Belarus no match in every aspect, loses 9-0

Published 14.05.2015 19:24 GMT+2 | Author Andrew Podnieks
Dominant Canada advances
PRAGUE, CZECH REPUBLIC - MAY 14: Canada's Tyler Ennis #63, Tyler Seguin #91, Sean Couturier #7 and David Savard #58 celebrate after a second period goal while Belarus' Yevgeni Lisovets #14 looks on during quarterfinal round action at the 2015 IIHF Ice Hockey World Championship. (Photo by Andre Ringuette/HHOF-IIHF Images)
It wasn’t one thing. It was everything. Relentless puck pressure. Dominant puck movement. Tenacious defence. Finish around the goal. Tyler Seguin hat trick.

In all, 13 players recorded points in the game. To go along with Seguin's three goals, defenceman Brent Burns had two goals and two assists and forward Ryan O'Reilly had two goals and one helper.

Jason Spezza had a goal and assist and now is the tournament's leading scorer with 13 points. Five of the top seven scorers are Canadian.

Goalie Mike Smith stopped 24 shots to earn his first shutout. 

Canada scored in the first minute, added three more goals later in the opening period, and cruised to a 9-0 win to advance to its first semi-finals since 2009.

"I thought it was great," said O'Reilly. "Sometimes we don’t start the way we wanted to, and today I felt we did exactly what we wanted to. We came out and had great intensity. We started right away. We held on to the puck. We were working together, and again, Smitty played a great game. It’s something that we’re definitely proud of, but we have to get ready and focus on the next game."

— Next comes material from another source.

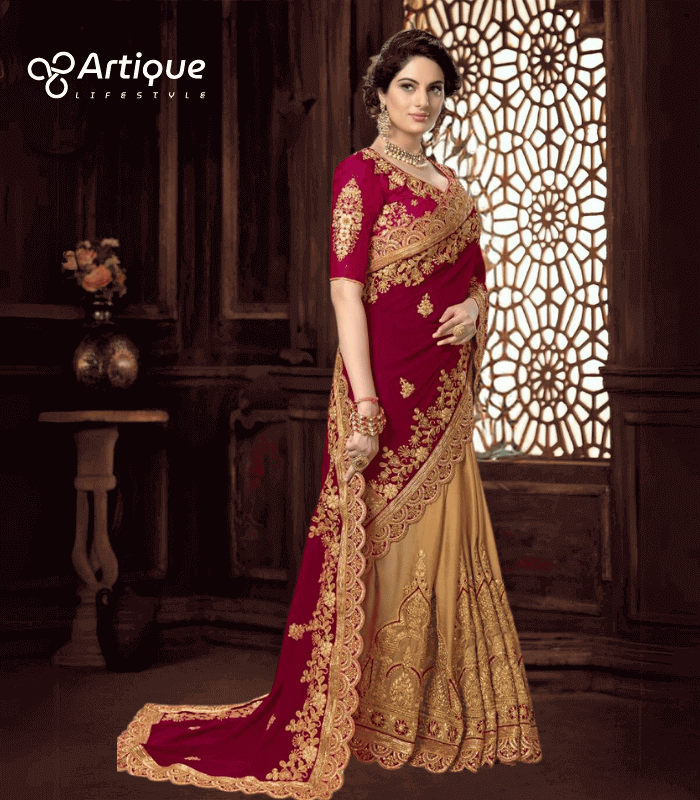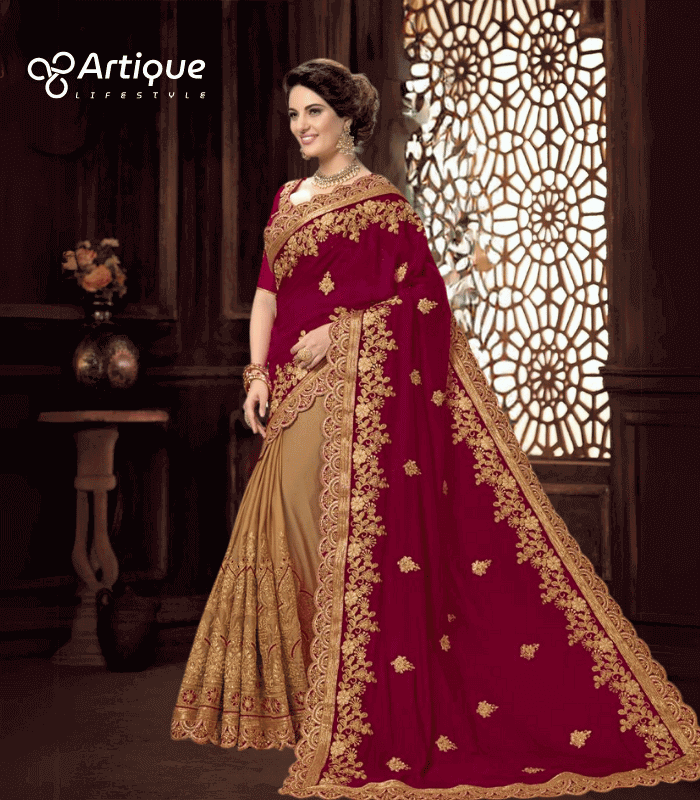শাড়ির রঙ: ওয়াইন ও বিস্কিট

Canada has now scored 58 goals in eight games, the most since it scored as many in 1962.

Canada will play the winner of tonight's Finland-Czech Republic game for a place in the gold-medal game. Belarus goes home with its second straight 7th-place finish.

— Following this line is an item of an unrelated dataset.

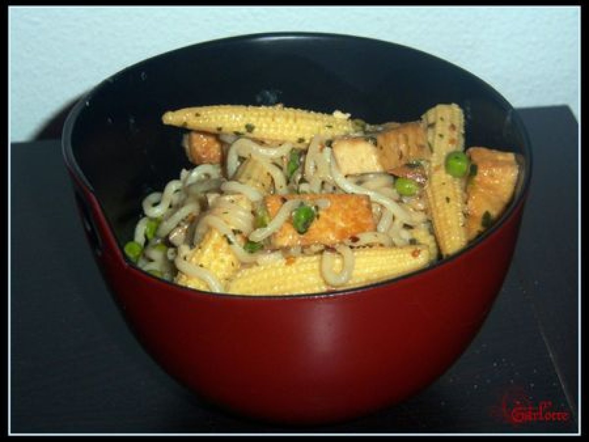 Nouilles chinoises au tofu et à la sauce coco-gingembre

"It feels good," said Tyler Ennis of the winners. "We’re committed. A lot of guys came over, which is great to see, playing for our country and trying to win a gold medal. We’re determined."

"It’s nice to put ourselves in a position to get to the finals," said captain Sidney Crosby. "That’s the important thing, to get better every game. At this point, you’ve got to be at your best. It’s win or go home. We did a good job today."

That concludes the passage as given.